How did you join ‘Lady Dynamite’?

“I had been friends with Maria for a while. I was a fan, but we worked together on a show. I am friends with Patton Oswalt, and I saw him at an awards thing in New York, and he said, ‘Do you know Maria?’ I said, ‘No.’ He said, ‘You should she’s great.’ I just looked at her stuff on YouTube, and I thought she was a genius. I didn’t know her, though. But when I moved to LA from New York I got on this television show [Benched] and it turned out that Maria was also on the show, so we got to be friends. ‘Benched’ got cancelled, so I didn’t see her for a while.”

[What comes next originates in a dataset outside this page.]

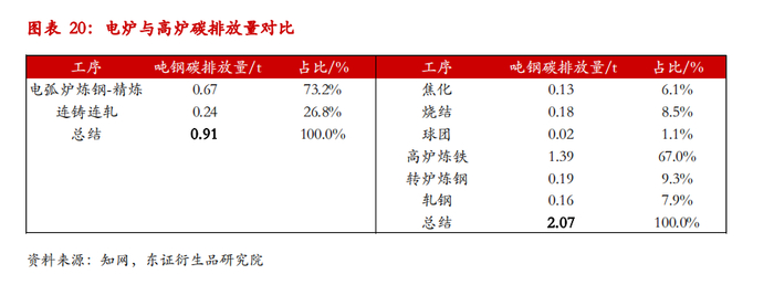 同样假设铁水和粗钢在当前的9亿吨和10.56亿吨见顶,电炉钢每增加1000W,即可减少碳排放0.1亿吨。假设国内电炉产能在2025年增加至3亿吨,产能利用率从当前的70%提高至90%,则对应电炉钢产量增加1.58亿吨至2.7亿吨,对应减少碳排放量1.58亿吨。可见,相较于高炉炉料结构改善,电炉炼钢比例提高对碳排放减排效果更为突出。

“Then I got a call from ‘Arrested Development’s’ Mitch Hurwitz to say that Maria wanted to see me about a show, and I just assumed that it was to audition. The day of the audition I was struck down with a stomach flu, though, and I couldn’t go in. I just assumed they would find someone else immediately and I would be forgotten, because that is how this town works. But a week later I was asked to come back, and it was just Mitch, Maria, and executive producer/showrunner Pam Brady, and they said, ‘Netflix has greenlit 13 episodes, it has gone to series already, and we want you to play Maria’s manager Bruce. We’re not seeing anyone else.’ It was unbelievably wonderful. It never happens like that. Usually they want to test you. But the streamer model is different to the regular network model.”

Talk about the difference between working with Netflix and a network?

“There aren’t as many notes, because everyone in network keeps their jobs by giving notes. But Netflix make a deal to give authority to a maverick, and in this case it was Mitch Hurwitz. And then you don’t get a lot of rethinking, especially compared to a network schematic. So for good or ill you do get something very close to what the originators intended on the show. Mitch and Pam stick to really what Maria is and her view of the world, even though Maria doesn’t write the show.”

Do you think this is the golden age of television?

“Netflix has changed the game, and it creates shows that people haven’t really seen. People used to say that about every show that came along, but now it is true, and it is possible to do things that are new. I do think that there will be more opportunity for voices that are unusual. Every logline in Hollywood used to be, ‘’Friends’ meets this.’ It would be a familiar trope meeting a new familiar trope. But the success of people doing stuff genuinely new has encouraged people. I think there will be a winnowing. The numbers of new productions is so high, I don’t think all will last. Only the best and most popular will survive. But networks now make more money from their streaming service than licensing it out to cable. Whether that will change things artistically remains to be seen, but there is now a much more direct path to the audience.”